Unfortunately, after writing these code, I still don't think I've learnt Rust. Some of the features confuse me. For example, can anyone pointing me out the correct way to enable `a + b` where `a` is a `T` and `b` is `Complex<T>` for a custom float type `T`? We can't `impl<T> Add<Complex<T>> for T`  due to the orphan rule, and `num::Complex` does this by using macros, which are not exported.

### Why [Platt] instead of [Büthe] or [FKBJ]?

Because they seems too difficult to me. Welcomed by the fancy Greek letters and subscripts, I clicked X immediately. 

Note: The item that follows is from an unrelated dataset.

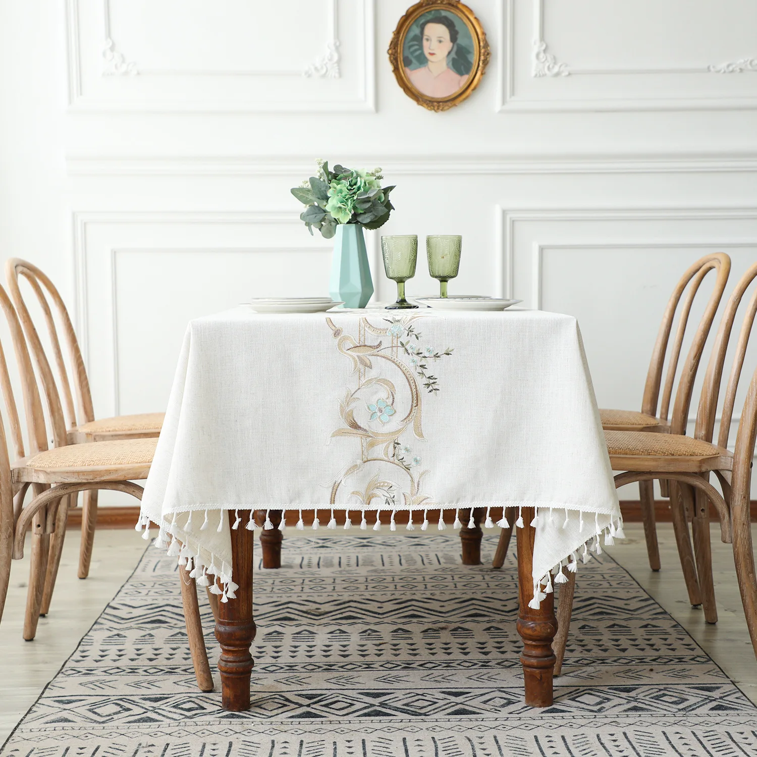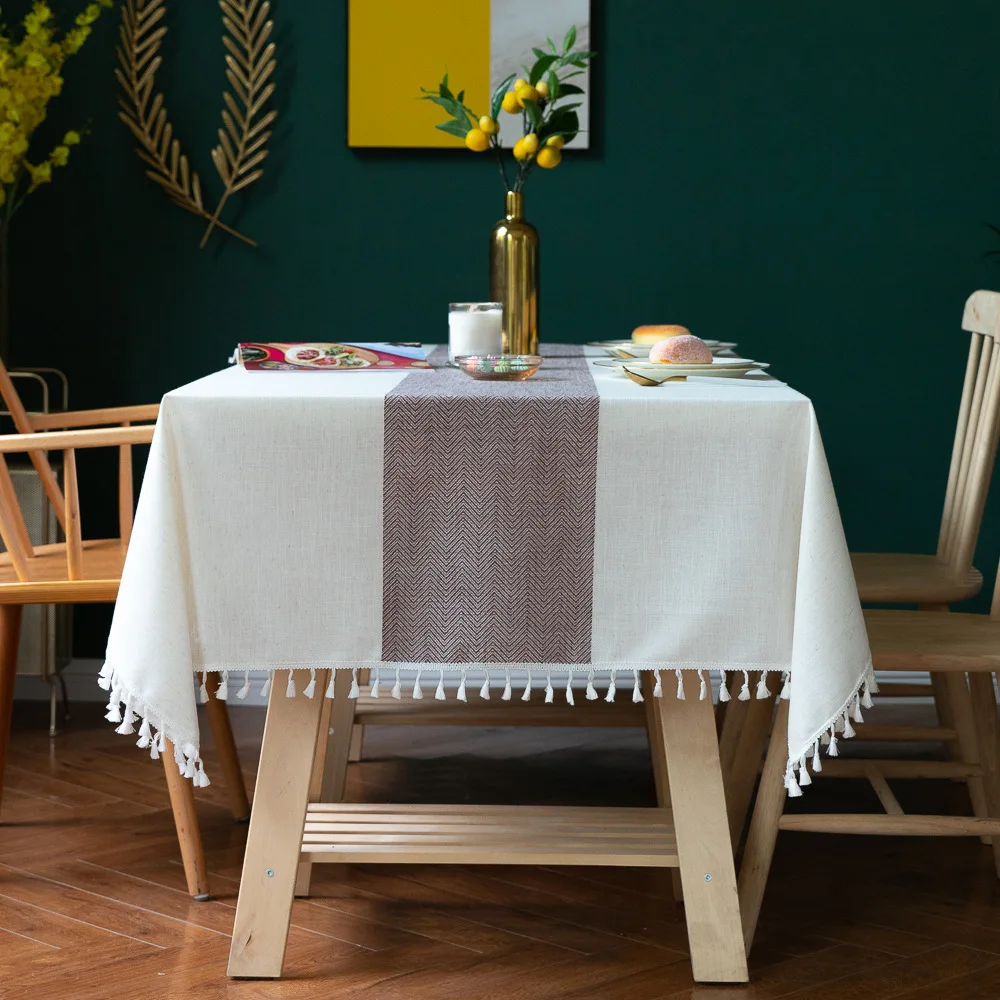 Скатерть нордическая для стола, пасторальная декоративная льняная прямоугольная скатерть с кисточкой, свадебная скатерть для обеденного стола, чайная скатерть

[Platt] seems to be quite straightforward, especially given that I've read [Galway] and understood the high-level idea. I appreciate a lot for how easy to follow [Galway] is. Without it, I wouldn't ever have the idea to implement such an algorithm, probably. (Perhaps because it's a thesis instead of a paper?) 


# LMFDB

Using LMFDB is kind of cheating. The algorithm needs all non-trivial zeros of $\zeta(\frac{1}{2} + it)$ for $t \leq \tilde O(x^{1/2})$ to compute $\pi(x)$ in $\tilde O(x^{1/2})$ time. (To make life easier, I assume RH holds. ) However, a table of $\{\pi(k^2)\}_{k^2 \leq x}$ also enables computing $\pi(x)$ in $\tilde O(x^{1/2})$ time, with a much more trivial algorithm. The only point is that the table of $\{\pi(k^2)\}_{k^2 \leq x}$ might be very hard to get :( I don't know any algorithm which can output such a table in $N^{o(1)}$ time, while it seems that the non-trivial zeros of $\zeta(\frac{1}{2} + it)$ for $t \leq T$ can be found in $\tilde O(T)$ time.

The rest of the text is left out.